Table 5: Selected microscopic observations

		Dose rate (mg/kg diet, actual)
		Sex	After treatment period (13 weeks)					After recovery period (4 weeks)
			0	41	209	1289	4648	0	4648
Numbers examined		M	20	10	10	10	9	10	10
		F	20	10	10	10	10	10	10
Organ	Observation
Epididymis	No abnormalities	M	19			10	4
	Spermatocytes decreased	M	1			0	5*
Gallbladder	No abnormalities	M	20	10	9	9	2**	8	2
	No abnormalities	F	20	10	10	9	0**	9	0**
Prostate	No abnormalities	M	16	9	6	5	5
	Mineralisation (marginal/slight/moderate)	M	0/0/1	0/0/1	0/1/2	1/3/0	0/2/1
	Prostatis (marginal/slight/moderate)	M	0/2/2	0/0/1	0/0/2	1/2/0	0/1/1
Testes	No abnormalities	M	18				2
	Tubules degenerated (marginal/slight/moderate/marked)	M	0/1/0/1				** 2/0/4/1

* incidences yielding statistical significance (P≤0.1) in a two-sided test against trend with dose level; **Shirley's test P≤0.1

Applicant's summary and conclusion

Conclusions:

Under the conditions of the test, the NOEL of the test material in a 90 day repeat dose study in the hamster was determined to be 41 mg/kg diet.

Executive summary:

In a GLP compliant repeat dose (oral) study conducted in line with EPA OPP 82-1, the effects of the repeat dose of the test material over 90 days was determined.
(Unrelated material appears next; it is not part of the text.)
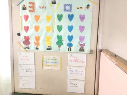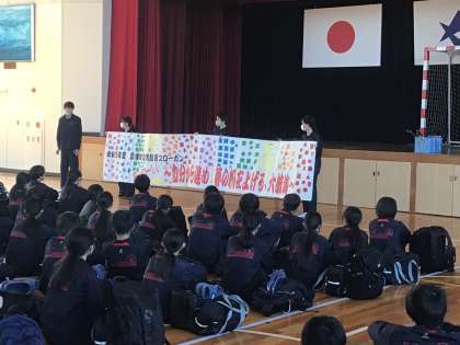 先週に自然教室にむけて学年集会を行い、級長が、生徒の「なりたい自分」を書いた横断幕を披露しました。今週は自然教室、最高学年にむけて「時間」について目標をたてて行動しています。それぞれのクラスがたてた目標を意識して行動する姿が見られました。来週からも「自分から行動」を意識して行動する姿に期待しています。

Hamsters were fed a diet containing 0, 41, 209, 1289 and 4648 mg/kg diet (7500 mg/kg diet for first two weeks) test material.

Under the conditions of the test, the NOEL of the test material in a 90 day repeat dose study in the hamster was determined to be 41 mg/kg diet.